● **Extracted information**:
=== Begin Enclosure ===
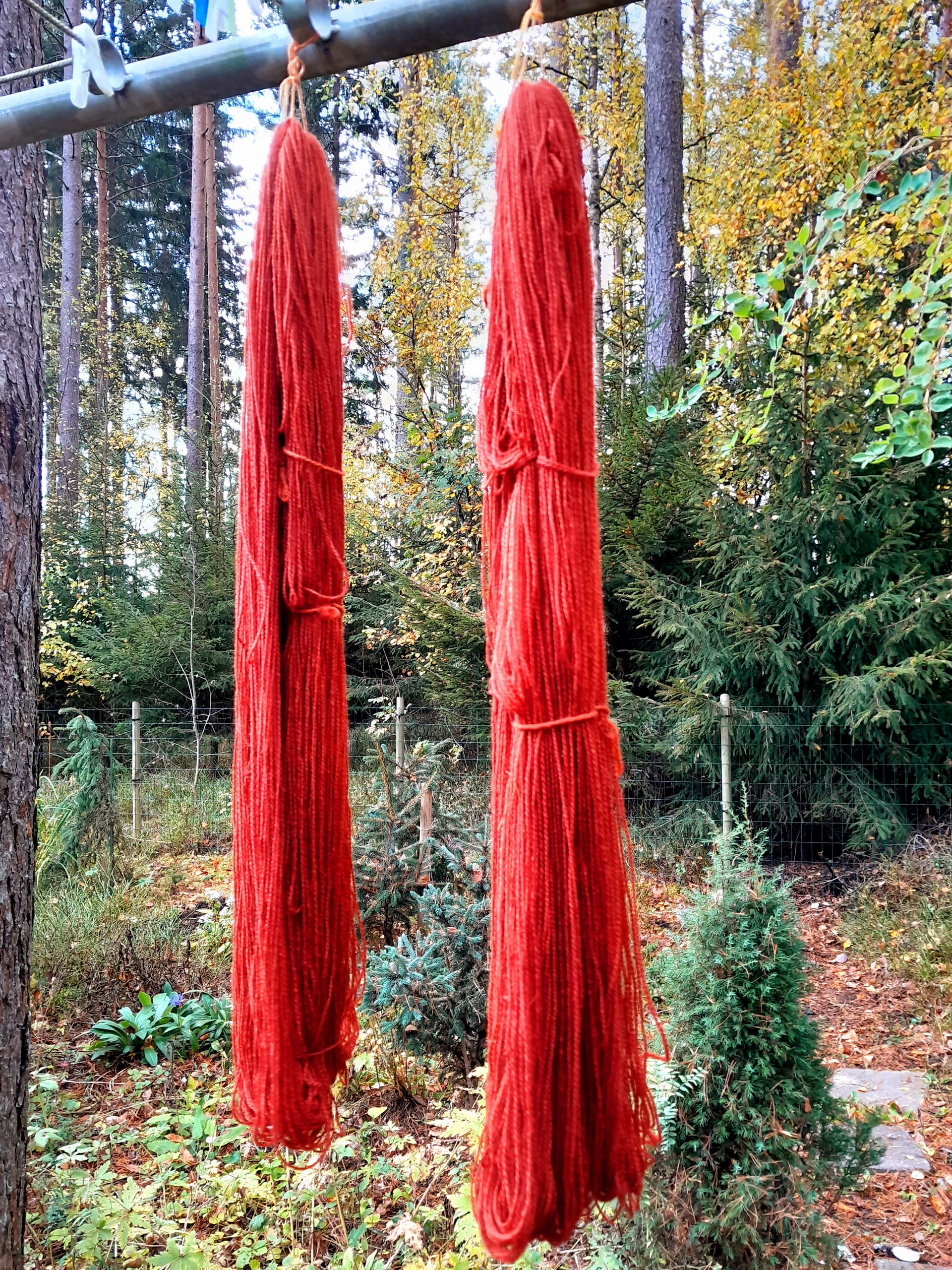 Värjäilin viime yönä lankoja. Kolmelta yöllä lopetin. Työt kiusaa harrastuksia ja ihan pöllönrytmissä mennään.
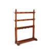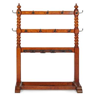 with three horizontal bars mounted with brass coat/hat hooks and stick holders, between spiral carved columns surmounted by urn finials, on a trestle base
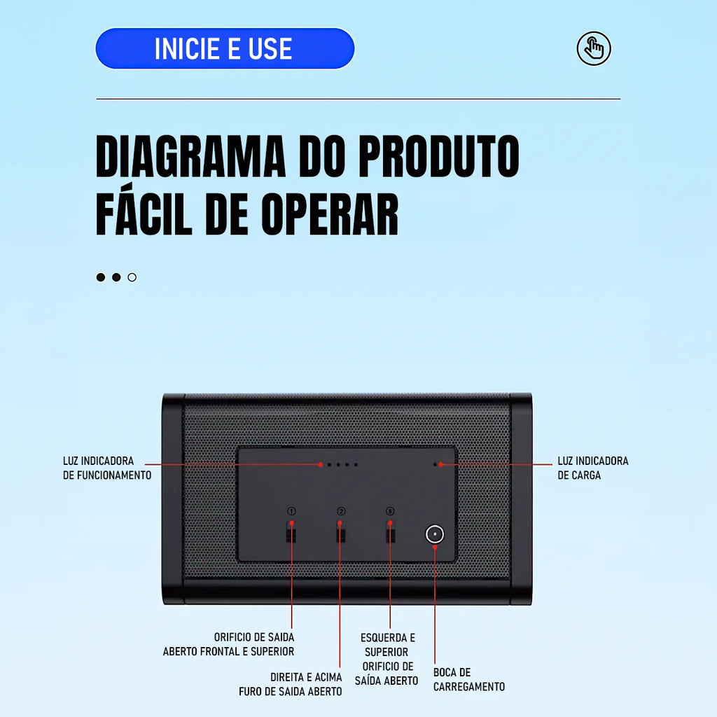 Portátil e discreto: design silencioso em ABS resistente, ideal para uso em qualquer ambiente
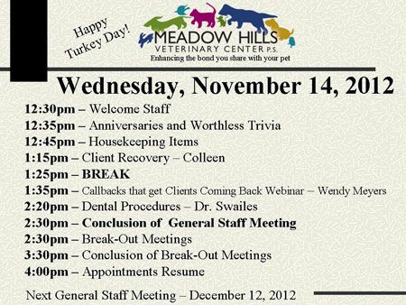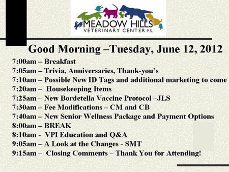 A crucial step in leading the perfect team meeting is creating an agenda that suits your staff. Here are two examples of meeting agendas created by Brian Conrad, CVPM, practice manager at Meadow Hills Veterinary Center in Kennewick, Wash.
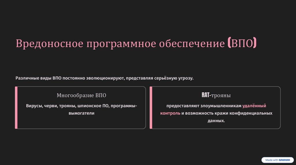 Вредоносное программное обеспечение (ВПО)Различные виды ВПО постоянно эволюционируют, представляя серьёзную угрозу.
=== End Enclosure ===
● **Your goal**:
Print every entry exactly; omit the pictures.

● **Output below**:
 Värjäilin viime yönä lankoja. Kolmelta yöllä lopetin. Työt kiusaa harrastuksia ja ihan pöllönrytmissä mennään.
 with three horizontal bars mounted with brass coat/hat hooks and stick holders, between spiral carved columns surmounted by urn finials, on a trestle base
 Portátil e discreto: design silencioso em ABS resistente, ideal para uso em qualquer ambiente
 A crucial step in leading the perfect team meeting is creating an agenda that suits your staff. Here are two examples of meeting agendas created by Brian Conrad, CVPM, practice manager at Meadow Hills Veterinary Center in Kennewick, Wash.
 Вредоносное программное обеспечение (ВПО)Различные виды ВПО постоянно эволюционируют, представляя серьёзную угрозу.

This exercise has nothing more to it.